*** Supplied material Section Begins ***
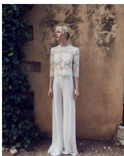
Tops : BR1948 Trousers : BR1947

伝統的なチュール技術と見事なカットワークから生まれるCostarellosのドレスは、身につけるだけでロマンティックな気分が高まるフェミニンで優美なデザインが特徴です。全身を優しく包み込む美しいデザインは見た人が思わず目が離せなくなるようなファッション性も兼ね備えています。今回は新たに、Costarellosならではの繊細なレースのロングスリーブドレスとセパレートのパンツスタイルのドレスがラインナップに加わります。
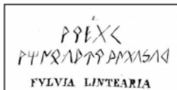
2.4. J. Villanueva (1851, p. 81)
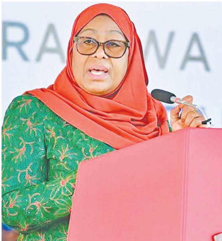
Rais Dk. Samia Suluhu Hassan, akihutubia tukio linalohusu Bima ya Afya.
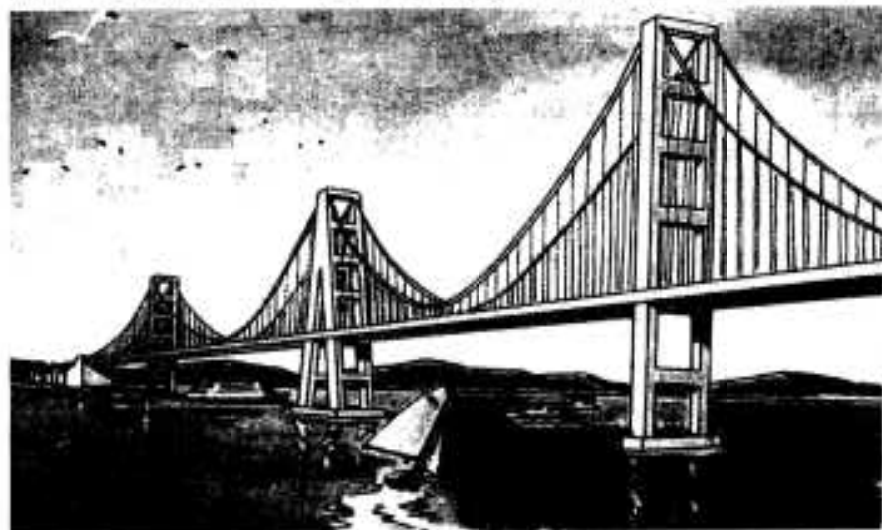
長島・天草・島原架橋

は①九州西岸輪構想の柱として、第五次全国総合開発計画の中に組み入れる②架橋構想実現に向けて調査を継続して実施し、などを盛り込んだ大会宣言を全会一致で採択しました。参加者は全員が「早期実現」と染め抜かれたハチマキを締め、最後に「がんばろう」と力強く三唱して大会を終わりました。
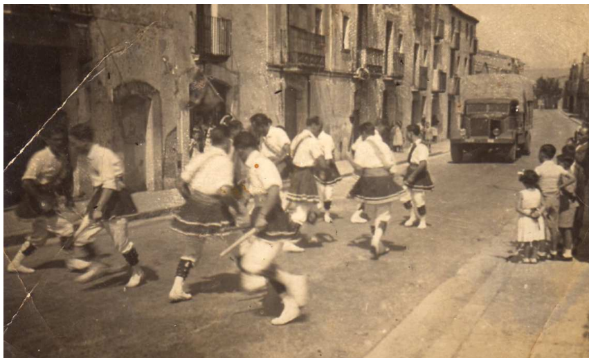
120. Masquefa, juliol del 1948. Festa Major. La Colla dels Bastoners ballant el Rotllet al carrer Serralet.

En arribar el dia, els balladors van cobrir la distància de Masquefa a Pierola a peu durant més de dues hores. Els seguïen dos carros, un que portava la roba de ballar i el dinar i un altre que duïa l'avi de cal Pintor i l'avi de ca la Sabina , junt amb les dones i mares d'alguns bastoners.
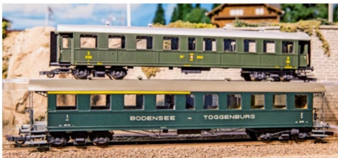
Auch der AB 101 lässt sich aus einem Spenderwagen von Roco umbauen.

biegen es nur leicht nach den angegebenen Massen. Diese Teile verlöten wir nun und bohren für die 8 mm hohen Stücke Löcher in den Wagenbogen jeweils 75 mm vom Wagenende entfernt.
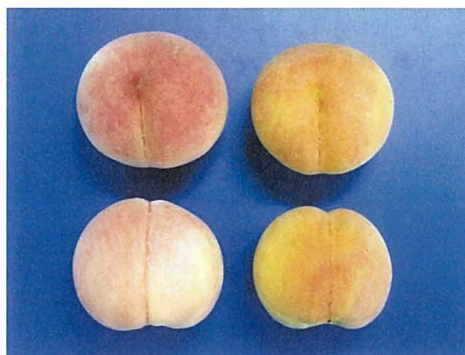
第1図 「つきあかり」と「あかつき」における果皮の着色 1) 2) 3)
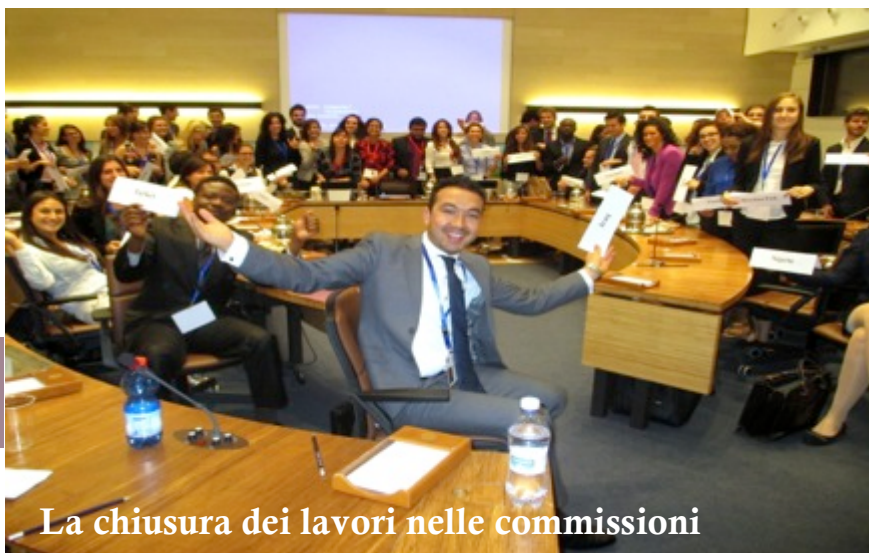
La chiusura dei lavori nelle commissioni
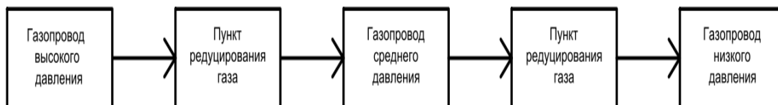
Рис.2. Схема редуцирования газа двухступенчатая

Существует две схемы транспортировки газа потребителям. Схема подачи газа потребителям при дегазации участка газопровода высокого давления представлена на рис. 2: газ сначала снижается с высокого давления (0,3МПа-1,2МПа) до среднего (0,005 МПа – 0,3 МПа) в ПРГ первой ступени, далее до низкого (до 0,003 МПа) в ПРГ второй ступени.
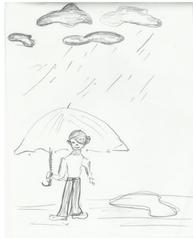
Рис. 3 Рисунок женщины с низкой самооценкой в ситуации стресса

пола (рис. 2), рисунок занимал среднюю часть листа или весь лист, что не соответствовало критериям низкой самооценки. Однако даже в ситуации относительной безопасности женщины прорисовывали тучи, что согласно интерпретации свидетельствует об эмоциональных проблемах. Неуверенность в своих силах отражена в прерывистых двойных линиях, штриховке.
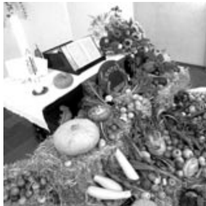
Die Erntegaben in der Liemer Kirche, Fred Niemeyer
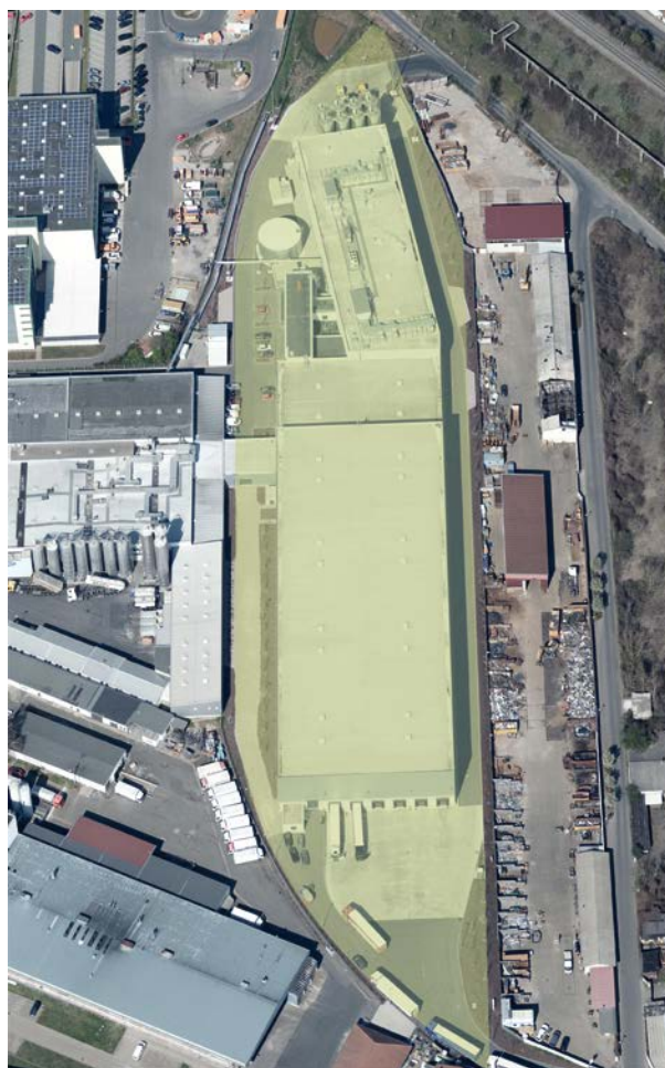
2020 Ausschnitt Schrägluftbild Erweiterung der Erfurter Teigwaren GmbH auf dem Gebiet der ehemaligen Kleingartenanlage
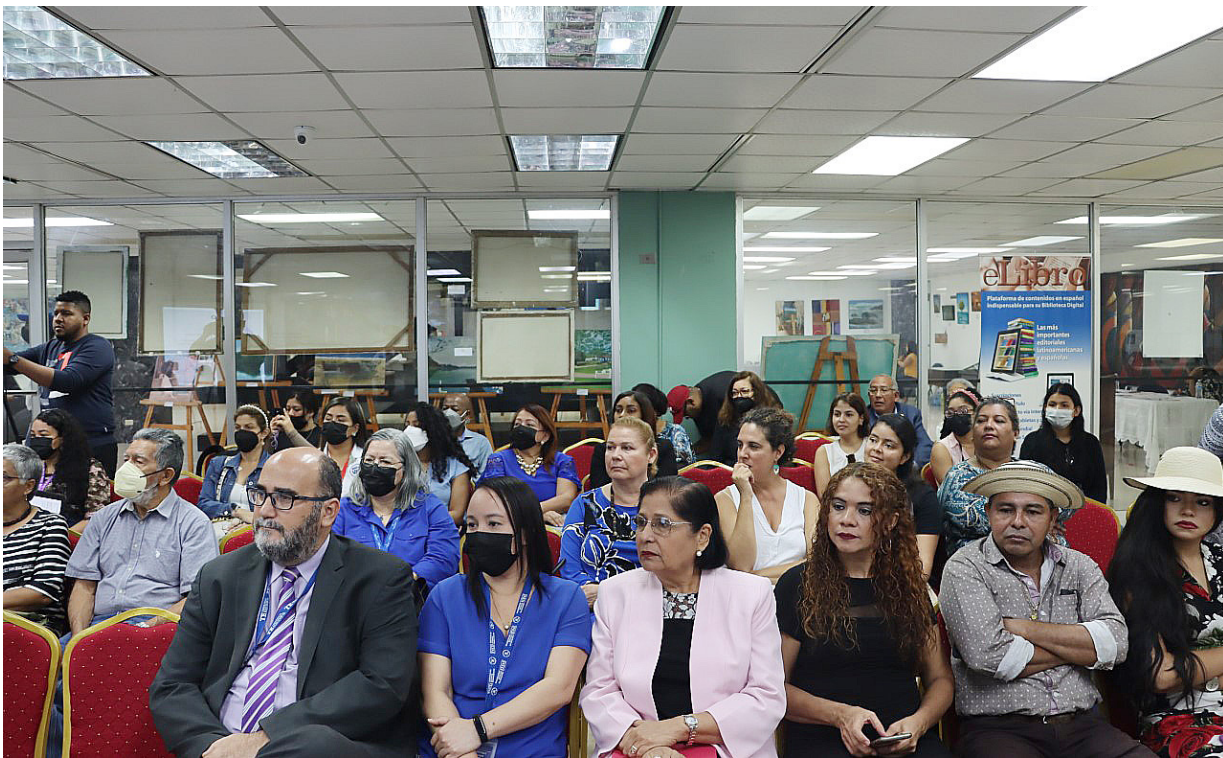
Asistentes al conversatorio en la sala RAI de la Biblioteca Interamericana Simón Bolívar.
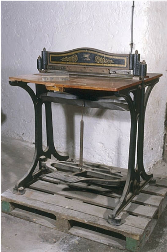
Vue d'ensemble. L'un des quatre éléments garnis d'aiguilles en acier est posé sur le plateau.
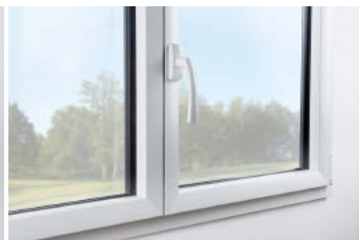
Anta smussata e la sua maniglia
*** Supplied material Section Ends ***
→ What to work on: Copy every line of the data that holds the string "Схема".

→ Solution below:
Рис.2. Схема редуцирования газа двухступенчатая
Существует две схемы транспортировки газа потребителям. Схема подачи газа потребителям при дегазации участка газопровода высокого давления представлена на рис. 2: газ сначала снижается с высокого давления (0,3МПа-1,2МПа) до среднего (0,005 МПа – 0,3 МПа) в ПРГ первой ступени, далее до низкого (до 0,003 МПа) в ПРГ второй ступени.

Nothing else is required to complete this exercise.